Setelah itu semua berjalan sesuai rencana. Dua jam kemudian rombongan sampai di Rengasdengklok. Pemuda Soetjipto langsung mengembalikan mobil panser terbuka ke Jakarta sembari memberitahu jaringan Jakarta, bahwa rombongan sudah tiba di Rengasdengklok dengan selamat. Sementara, oleh para pemuda Bung Karno dan Bung Hatta ditempatkan di ruang tunggu.
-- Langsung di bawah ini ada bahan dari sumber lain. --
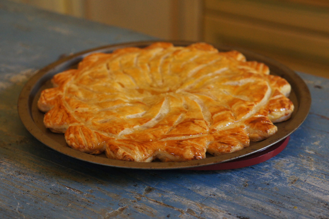 A traditional French dessert made with puff pastry and filled with a rich nut cream.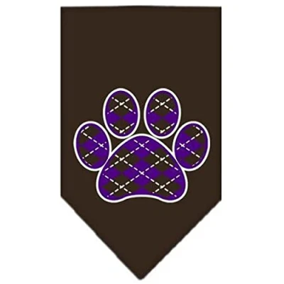 Mirage Pet Products Argyle Paw Purple Screen Print Bandana for Pets, Small, Cocoa

Di ruang tunggu itu, pemuda Singgih bertanya kepada Bung Karno, apakah bersedia mengumumkan kemerdekaan tanpa melibatkan Jepang?. Saat bertanya, Singgih sengaja membarengi dengan meletakkan senapannya di atas meja.
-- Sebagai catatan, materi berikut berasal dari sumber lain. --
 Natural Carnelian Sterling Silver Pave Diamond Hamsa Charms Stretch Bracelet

Singgih merupakan putra Panji Singgih, teman Soekarno dalam pergerakan nasional. Sementara Sukarni berasal dari Blitar, orang tuanya dimungkinkan kenalan orang tua Soekarno.
Karenanya, saat rapat di kafe Hawaii di Cikini pada 15 Agustus 1945, sekolompok pemuda radikal pimpinan Chaerul Saleh, yakni Sukarni, Wikana, Adam Malik Joesoef Kunto, Singgih dan dr Moewardi, pemimpin Barisan Pelopor, menugaskan Sukarni sebagai pemimpin penculikan.
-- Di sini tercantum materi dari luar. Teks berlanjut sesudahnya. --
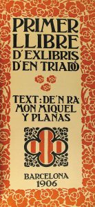 1906. (EX-LIBRIS). MIQUEL I PLANAS, RAMON: PRIMER LLIBRE D`EXLIBRIS D`EN TRIADO. Barcelona: Elzeviriana, 1906. Folio alaragado. 36 hojas. Texto orlado e ilustraciones de Triadó. Rústica original. Buen estado de conservación. Edición limitada de...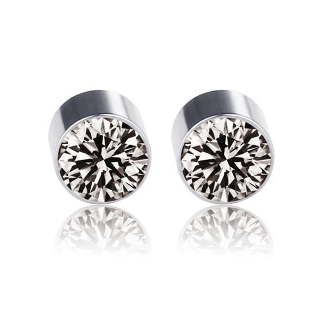 - ステンレス 男女兼用 ユニセックス 穴不要 磁石 ピアス 一粒石 キュービックジルコニア イヤリング 両耳用

Bung Karno sebenarnya jengkel dengan sikap para pemuda, namun tidak diungkapkannya. Di kemudian hari, kepada Ktut Tantri, Bung Karno menceritakan kejengkelannya tersebut: Pemuda itu bisa saya tampar, kalau saya mau. Mereka itu anak-anak teman saya, dan saya sudah kenal mereka sejak kecil.
Saat Singgih dan Bung Karno sedang berunding, Guntur Soekarnoputra tiba-tiba menangis. Fatmawati ingin menyusui bayinya, namun botol susu tertinggal di mobil sedan saat pindah ke panser. Fatmawati meminta beberapa prajurit Peta untuk mencarikan botol susu.
Hatta yang tidak tahan mendengar tangisan bayi, lantas menggendong Guntur keluar dan memangkunya. Saat itu Guntur mengompoli Bung Hatta. Bung Karno, Bung Hatta, Fatmawati dan Guntur Soekarnoputra kemudian ditempatkan di sebuah rumah milik orang Tionghoa. Oleh para pemuda, rumah tersebut telah dikosongkan.